Hello Colleagues,

I am planning to use DC-coupled differential output passive interface of DDS AD9958 to driving analog multiplier or mixer.

My question is:

How to calculate common-mode voltage at the outputs of a AD9958 DAC at a given load resistors ?

Sincerely yours,

Vlad Brusilovsky

Hello Vlad,

The DAC output is a current source and its full scale current is set by the Rset value. The full-scale current is inversely proportional to the Rset resistor as follows: Rset = 18.91 / Iout (full scale current) The maximum full-scale output current of the combined DAC outputs is 15 mA, but limiting the output to 10 mA max provides optimal spurious-free dynamic range (SFDR) performance. See page 18 for more details

To calculate the peak to peak voltage at the complementary DAC outputs, simply multiply the full scale current by the equivalent output load. Note, the DAC outputs are open drain and must be dc terminated for current flow. Whatever output network is used (termination resistors + filter + transformer, etc) the equivalent load must be used for the peak to peak voltage (Vpp) calculation. Again, Vpp = full scale current * equivalent load. For instance, say there's two 50 ohm output termination resistors at the DAC driving a differential filter with a 100 ohms at the output of the

filter. The equilvalent load at each DAC output is 25 ohms.

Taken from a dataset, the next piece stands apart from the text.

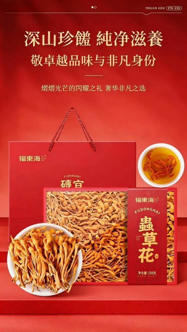 精美禮盒套裝,含蛹蟲草花及相關產品

Since the AD9958's DAC outputs are referenced to AVDD (current sinking DAC), not ground (current sourcing DAC), the output common mode voltage for both outputs is (AVDD - Vpp/2). Note, if the DAC outputs are terminated into a transformer or inductors reference to AVDD, the DAC output will swing about AVDD. In that case, the common mode voltage is AVDD.

Hope this helps.